--- TASK TO COMPLETE ---
Where an entry holds an image, skip the image but reproduce the rest word for word.

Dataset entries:

◇ ◇ ◇ ◇ ◇

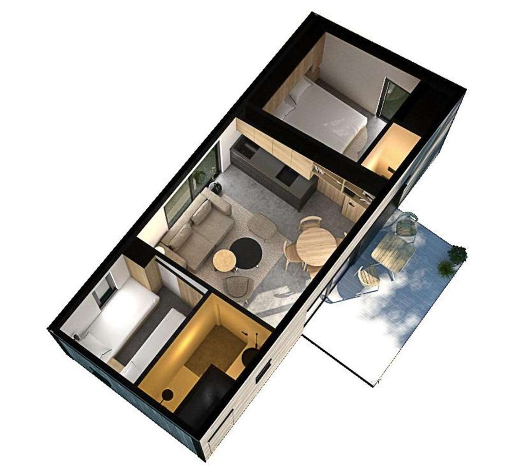 Leisure Lodge 35m² ist ein modulares Haus von Tiny House World, einem Hersteller von Fertighäusern mit Sitz in den Niederlanden. Dieses Fertighaus hat eine Wohnfläche von 35 m², 2 Schlafzimmer und 1 Badezimmer. Weitere Informationen finden Sie in der technischen Beschreibung unten.
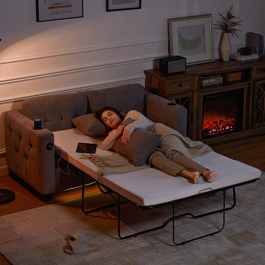 3-in-1 Convertible Sofa Bed, 54" Pull Out Sleeper Sofa with Charging Station & Cup Holder
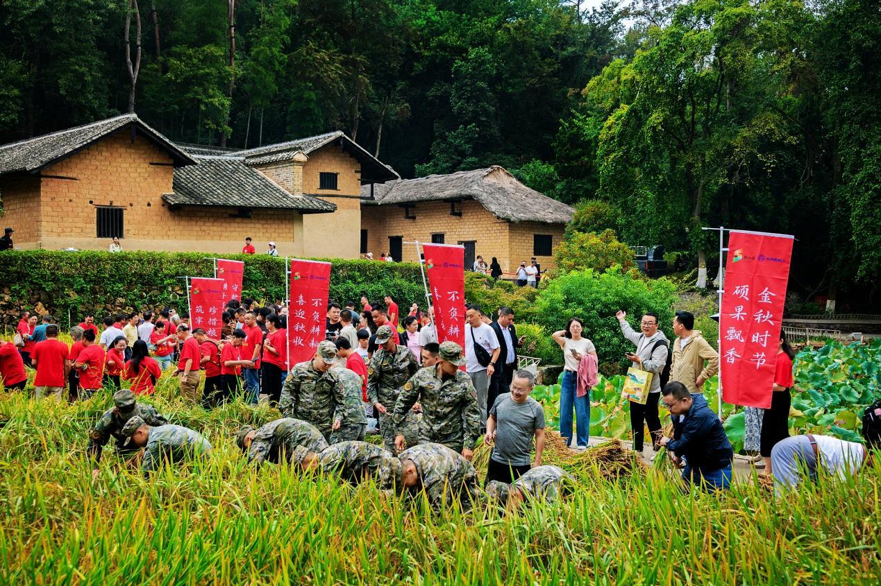 ▲9月29日,秋收时节,韶山冲的稻田里飘来阵阵稻香,金黄的稻谷成熟了。许多游客参与其中,体验收割的乐趣。
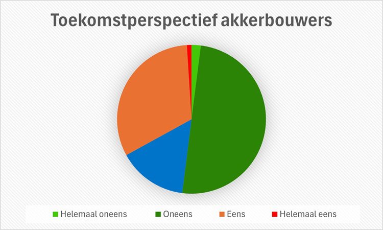 Dit onderzoek naar het toekomstperspectief van akkerbouwers in Nederland is uitgevoerd door Prosu. Dit is het data- en mediabedrijf waar de Akkerbouwkrant onder valt. Tussen december 2024 en juli 2025 belde het callcenter van Prosu met 936 telers. De ondervraagden kregen onder andere de stelling voorgelegd ‘Ik maak me zorgen over de toekomst van mijn bedrijf’. 1 procent van de telers is het volledig eens met deze stelling, 32 procent antwoordde ‘mee eens’. Vijftien procent kijkt neutraal naar deze stelling. Vijftig procent van de telers is het niet met de stelling eens, dus ziet de toekomst van zijn bedrijf optimistisch tegemoet. Twee procent van de telers antwoordde zelfs ‘helemaal mee oneens’.
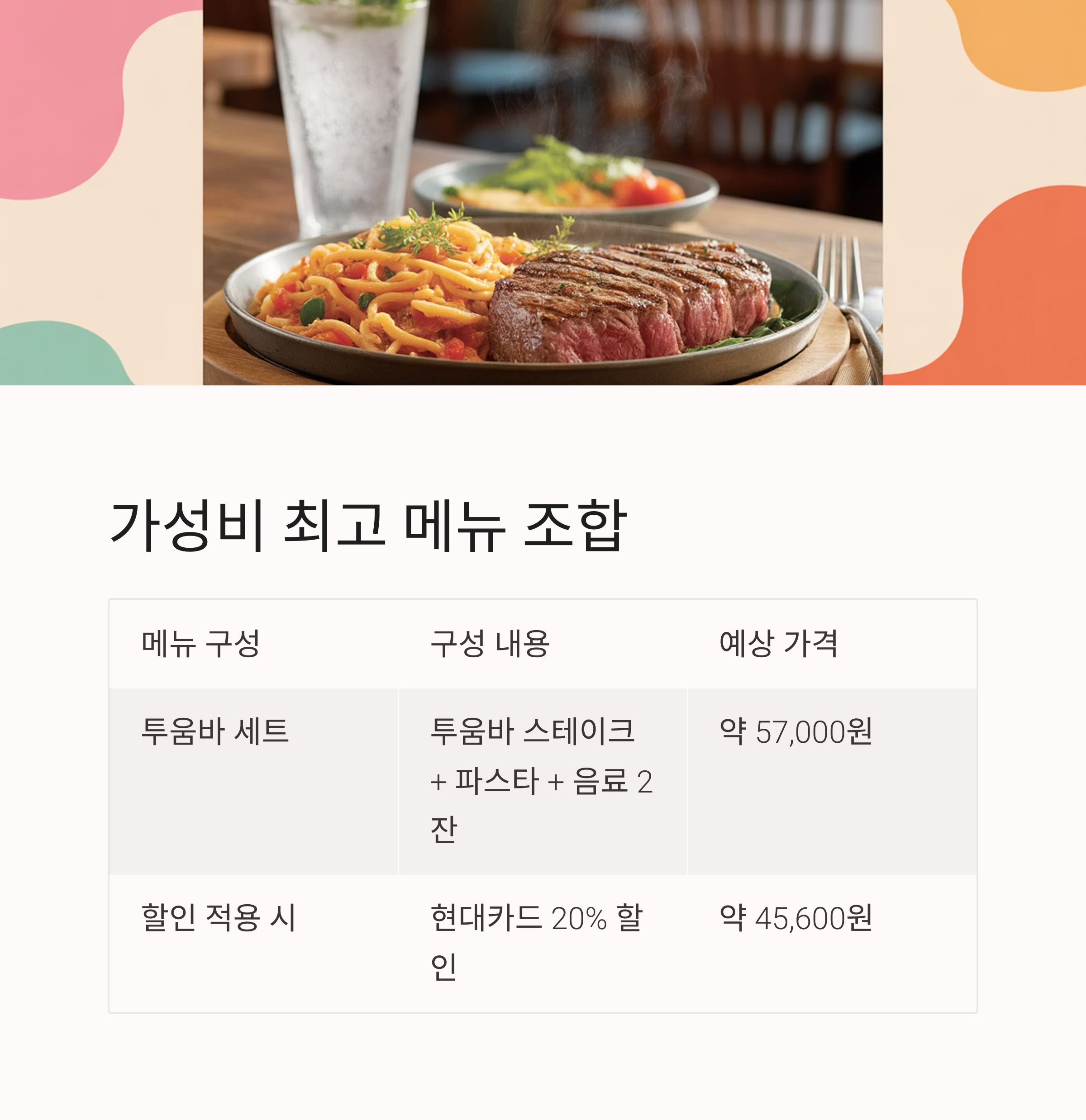 | 투움바 세트 | 투움바 스테이크 + 투움바 파스타 + 음료 2잔 | 약 57,000원 |
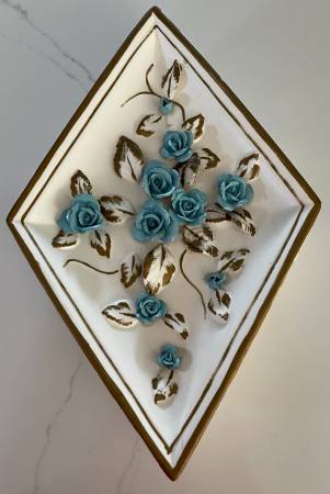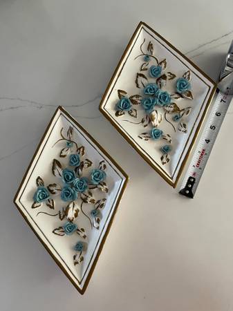 Set of 2: MCM 1950’s / 1960’s Lefton’s Japanese Porcelain Diamond Blue Flowers w/Gold Trim Hanging Wall Art.

◇ ◇ ◇ ◇ ◇

--- OUTPUT FOR THIS EXERCISE ---
 Leisure Lodge 35m² ist ein modulares Haus von Tiny House World, einem Hersteller von Fertighäusern mit Sitz in den Niederlanden. Dieses Fertighaus hat eine Wohnfläche von 35 m², 2 Schlafzimmer und 1 Badezimmer. Weitere Informationen finden Sie in der technischen Beschreibung unten.
 3-in-1 Convertible Sofa Bed, 54" Pull Out Sleeper Sofa with Charging Station & Cup Holder
 ▲9月29日,秋收时节,韶山冲的稻田里飘来阵阵稻香,金黄的稻谷成熟了。许多游客参与其中,体验收割的乐趣。
 Dit onderzoek naar het toekomstperspectief van akkerbouwers in Nederland is uitgevoerd door Prosu. Dit is het data- en mediabedrijf waar de Akkerbouwkrant onder valt. Tussen december 2024 en juli 2025 belde het callcenter van Prosu met 936 telers. De ondervraagden kregen onder andere de stelling voorgelegd ‘Ik maak me zorgen over de toekomst van mijn bedrijf’. 1 procent van de telers is het volledig eens met deze stelling, 32 procent antwoordde ‘mee eens’. Vijftien procent kijkt neutraal naar deze stelling. Vijftig procent van de telers is het niet met de stelling eens, dus ziet de toekomst van zijn bedrijf optimistisch tegemoet. Twee procent van de telers antwoordde zelfs ‘helemaal mee oneens’.
 | 투움바 세트 | 투움바 스테이크 + 투움바 파스타 + 음료 2잔 | 약 57,000원 |
 Set of 2: MCM 1950’s / 1960’s Lefton’s Japanese Porcelain Diamond Blue Flowers w/Gold Trim Hanging Wall Art.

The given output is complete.